= EXERCISE =
Leave out the pictures and print precisely the lines from the line with "Wooohoo! I passed" to the final line of the entries, both ends included.

= DATA TO EXAMINE =
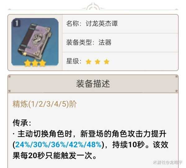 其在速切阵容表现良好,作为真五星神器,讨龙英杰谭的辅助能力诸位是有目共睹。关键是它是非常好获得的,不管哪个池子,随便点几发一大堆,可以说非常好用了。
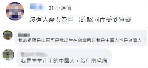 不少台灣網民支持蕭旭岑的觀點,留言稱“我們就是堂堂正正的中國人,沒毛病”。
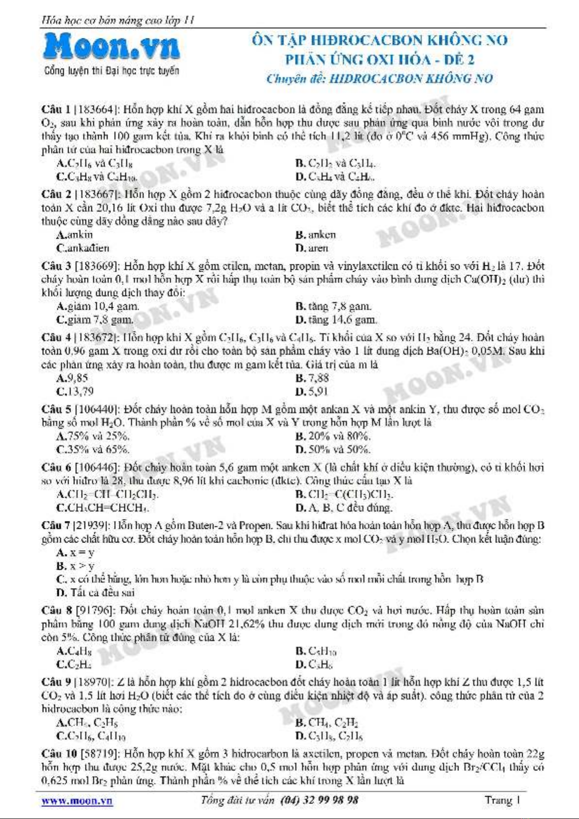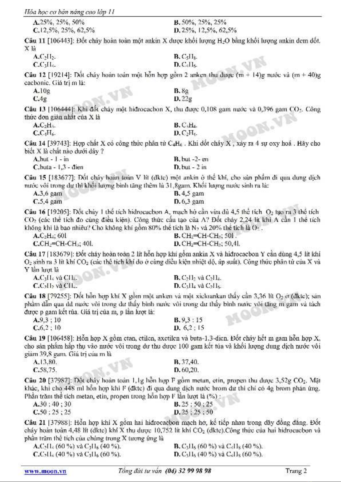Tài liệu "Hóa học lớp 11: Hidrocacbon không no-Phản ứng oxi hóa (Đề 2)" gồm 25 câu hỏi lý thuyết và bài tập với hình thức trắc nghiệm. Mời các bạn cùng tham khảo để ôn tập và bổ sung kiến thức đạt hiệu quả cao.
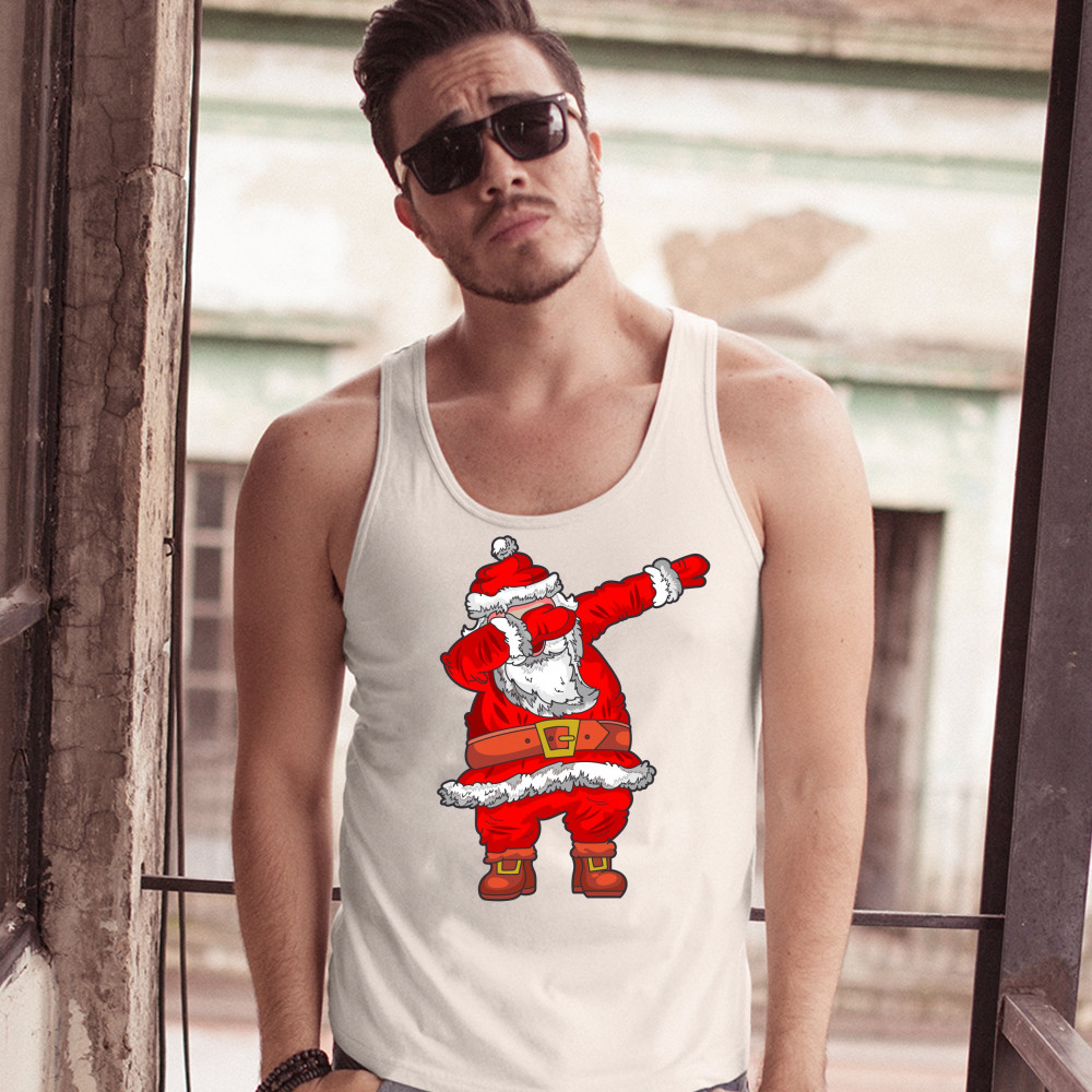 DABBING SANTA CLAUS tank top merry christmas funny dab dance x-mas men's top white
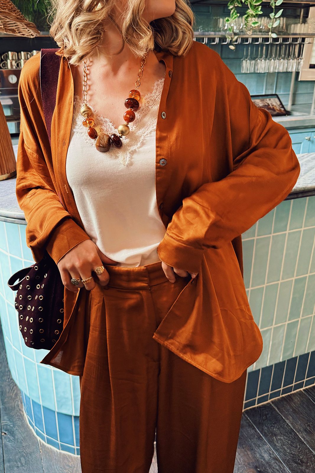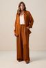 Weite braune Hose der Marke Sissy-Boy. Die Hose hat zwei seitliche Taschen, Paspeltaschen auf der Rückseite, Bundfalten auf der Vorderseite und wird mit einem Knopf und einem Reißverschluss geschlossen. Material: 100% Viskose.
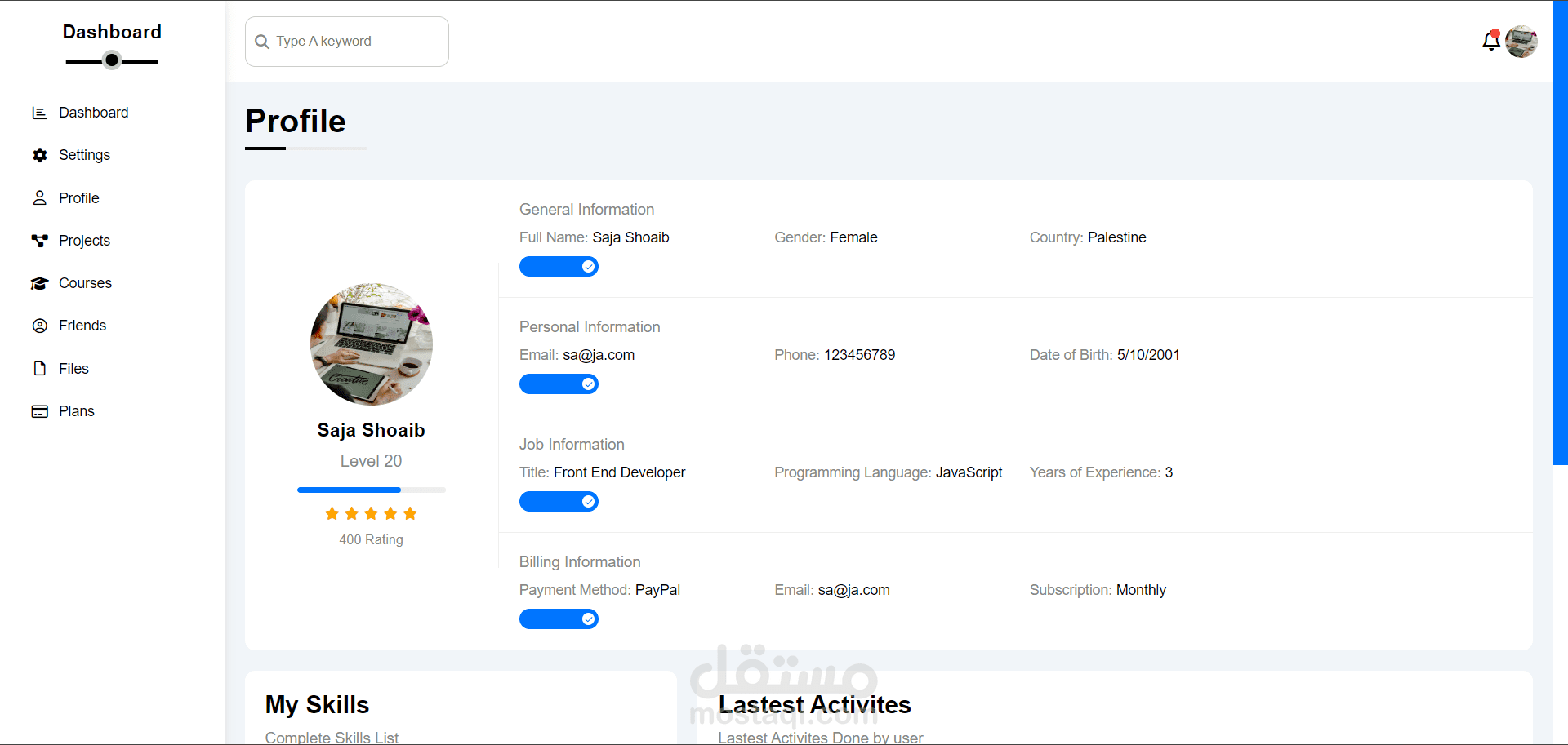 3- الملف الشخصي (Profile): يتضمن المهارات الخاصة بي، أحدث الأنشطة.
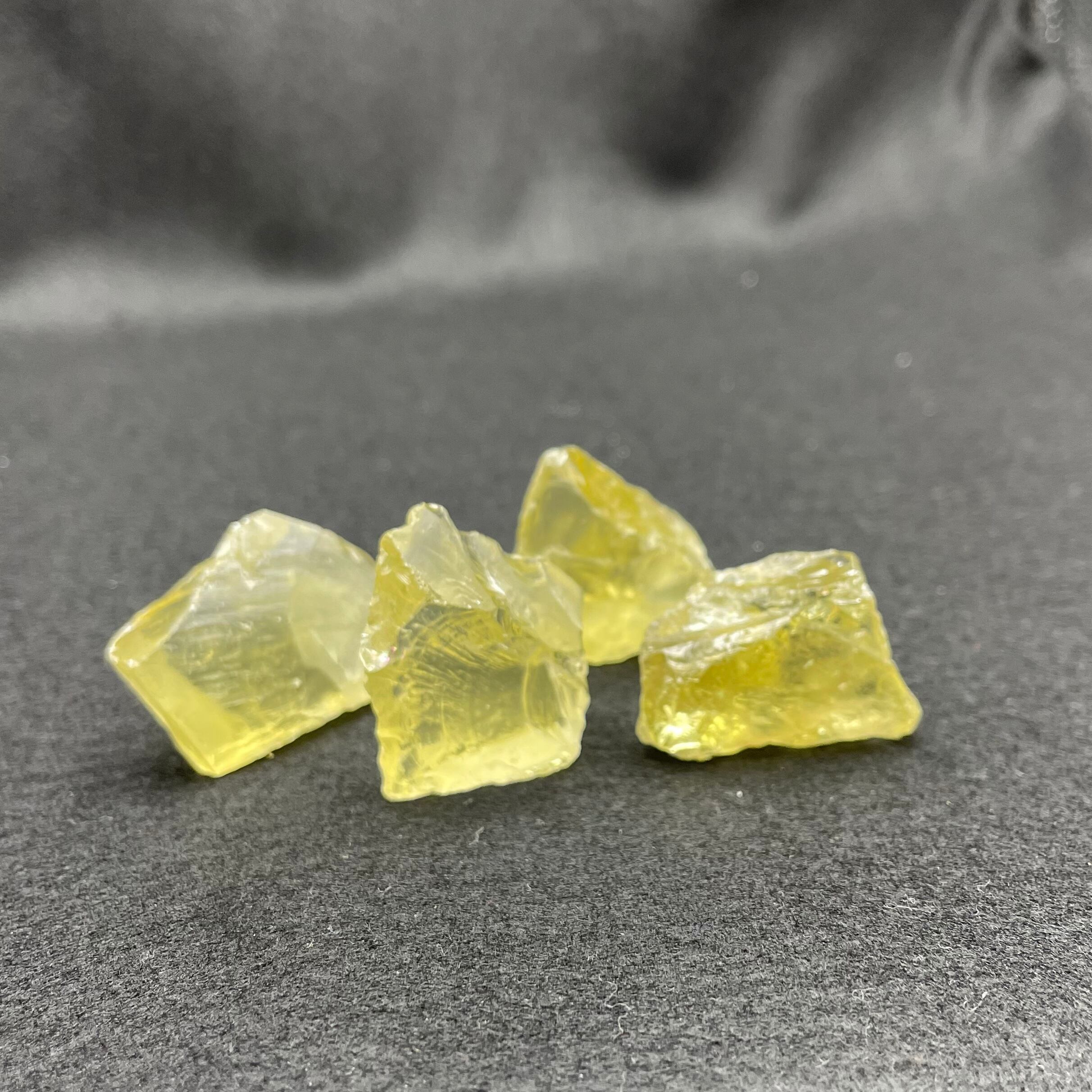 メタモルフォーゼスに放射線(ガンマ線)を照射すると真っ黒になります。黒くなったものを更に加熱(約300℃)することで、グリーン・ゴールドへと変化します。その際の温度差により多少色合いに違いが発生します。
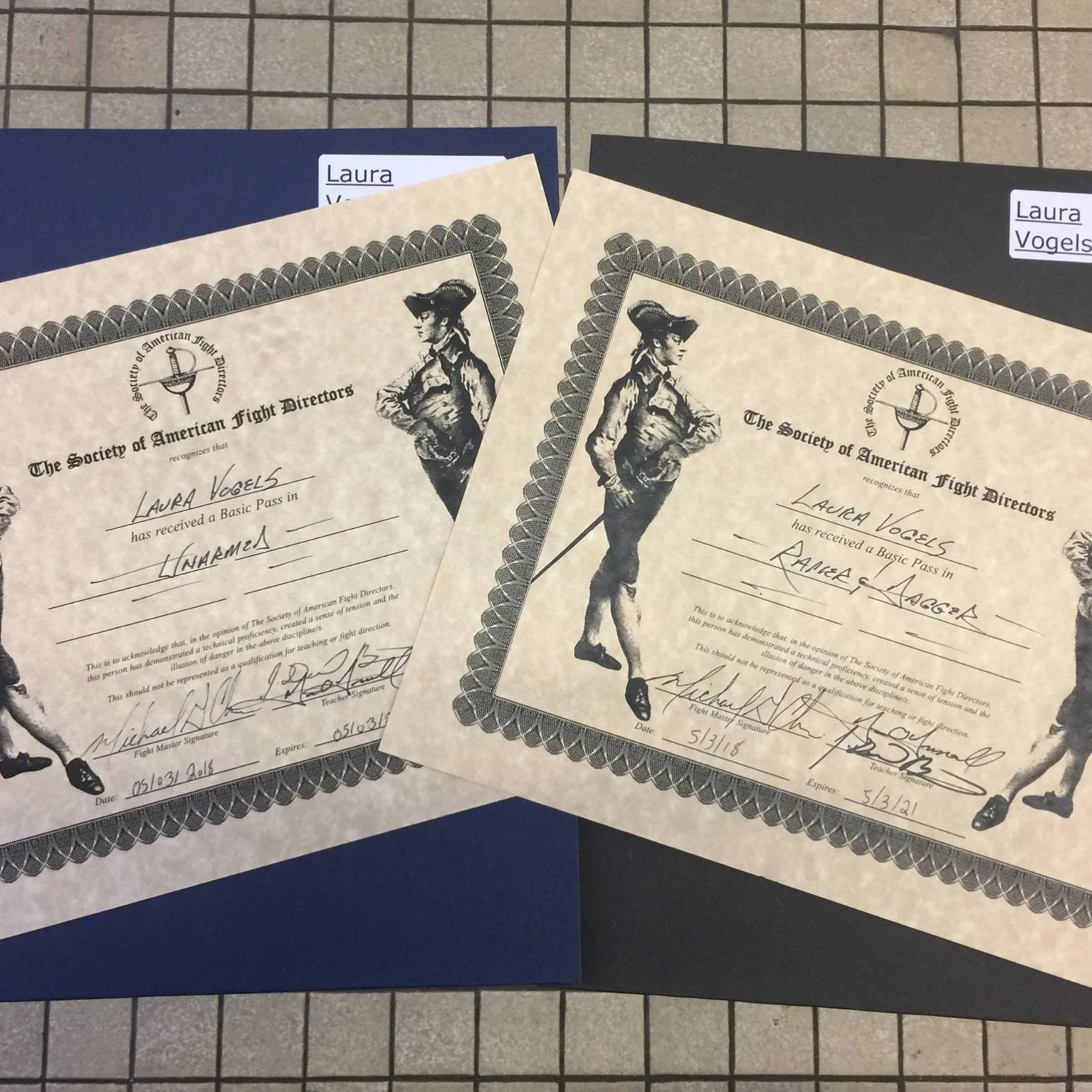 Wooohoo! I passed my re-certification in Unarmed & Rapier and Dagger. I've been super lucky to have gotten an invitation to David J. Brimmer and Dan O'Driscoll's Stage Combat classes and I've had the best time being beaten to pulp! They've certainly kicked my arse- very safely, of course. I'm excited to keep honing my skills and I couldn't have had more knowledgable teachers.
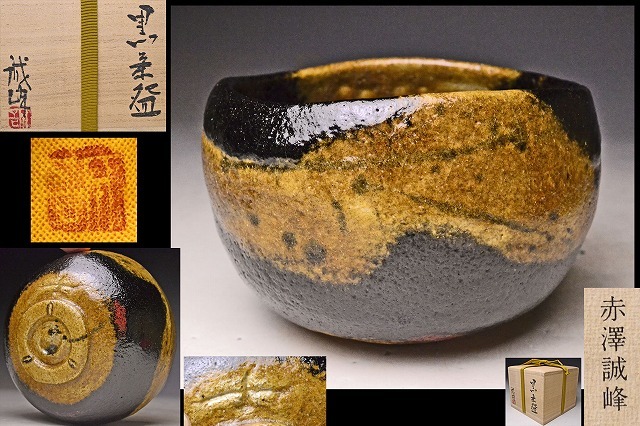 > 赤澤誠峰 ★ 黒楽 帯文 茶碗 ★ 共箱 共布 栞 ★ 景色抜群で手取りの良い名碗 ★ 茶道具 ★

= ANSWER TO THE PROBLEM =
 Wooohoo! I passed my re-certification in Unarmed & Rapier and Dagger. I've been super lucky to have gotten an invitation to David J. Brimmer and Dan O'Driscoll's Stage Combat classes and I've had the best time being beaten to pulp! They've certainly kicked my arse- very safely, of course. I'm excited to keep honing my skills and I couldn't have had more knowledgable teachers.
 > 赤澤誠峰 ★ 黒楽 帯文 茶碗 ★ 共箱 共布 栞 ★ 景色抜群で手取りの良い名碗 ★ 茶道具 ★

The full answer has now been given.